I noted today that one of my computers wouldn't connect to grex via
ssh while another would.  They are different versions of FreeBSD (11.4
worked, 12.1 didn't). Same setups of ssh_config.

Anyway changing the MTU for 12.1 fixed it, which is a bit weird.  I had
to edit /etc/dhclient.conf and supersede the interface-mtu setting that
normally is set to 1500 by DHCP and setting it to 1400 helped.  Probably
this is due to the ciphers that get picked in the ssh connection.
Each computer picks a different one (using the same setup).  So more
investigations to do.

I had noted someone else had seen something similar in the past couple
weeks.


#217 of 223 by papa on Mon Nov 16 00:02:46 2020:

resp:216

I've posted more details on the trouble here: item:garage:60


#218 of 223 by kentn on Mon Nov 16 01:49:10 2020:

Thanks, papa.


#219 of 223 by tonster on Mon Nov 16 19:04:42 2020:

My guess is that it might have to do with the method now used for
accessing Grex. I recently canceled my AT&T service, which allowed me to
have static IP's at home. With that now gone, I've established a VPN
between my servers in Azure and home, and am routing grex (and m-net)
via static IP's I've got in Azure and home over that VPN tunnel. Exactly
why this is working without incident for some ssh clients and not others
I'm unsure, but that is the change that was made in the past week when
this started.


#220 of 223 by tod on Wed Nov 18 02:18:47 2020:

re #219
This is excellent - curious how that is setup.
I have a nat behind a nat at my office and want the pi there available
for sshd from home and elsewhere.  Not sure how to go about it.

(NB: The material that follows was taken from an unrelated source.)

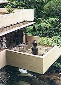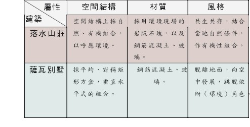 以作品涵構為對象:落水山莊成功的與周圍環境緊密的結合,與自然之間達到和諧之美,上下出挑的平台,輕盈的凌立於流水之上,何許瀟灑,收放開合間,道盡有如東方太極的動靜之姿,以石版堆疊成牆柱,硬生生的嵌入岩石堆中,使建築物與四周「材質」,共生並存,為「有機建築」的最佳詮釋。

#221 of 223 by tonster on Sat Dec 5 22:10:28 2020:

resp:220: What I did was created a vm at home to route the tunnel, and
established a strongswan tunnel between the two sites. I then created an
iptables rule to create a route to my network via the tunnel:

-A POSTROUTING -s 10.0.0.0/24 -d 192.168.0.0/20 -j MASQUERADE

and the opposite on the other end of the tunnel:

-A POSTROUTING -s 192.168.0.0/20 -d 10.0.0.0/24  -j MASQUERADE

For the Azure side, I also route the additional bound IP's over the
tunnel back home via:

-A PREROUTING -d 10.0.0.9/32 -j DNAT --to-destination 192.168.0.110
-A POSTROUTING -d 192.168.0.110/32 -j SNAT --to-source 10.0.0.9

strongswan starts on boot, and I've put the iptables rules in the
appropriate file for the OS (ubuntu/centos), so everything comes up on
boot and strongswan monitors the tunnel so it automatically restarts
should it drop. It ended up working out quite well, and it was much
easier to get it running than I'd expected.


#222 of 223 by tod on Sat Dec 12 05:40:45 2020:

re #221
Very tidy, indeed.  Thanks for the rundown!


#223 of 223 by kentn on Tue Feb 21 16:19:26 2023:

The machine grex is running on had more disk space added yesterday. That
took it offline and made it appear the SSH security info had changed.
It's back up now and everything should be back the way it was before the
changes.  Thanks go to Tony for keeping grex going.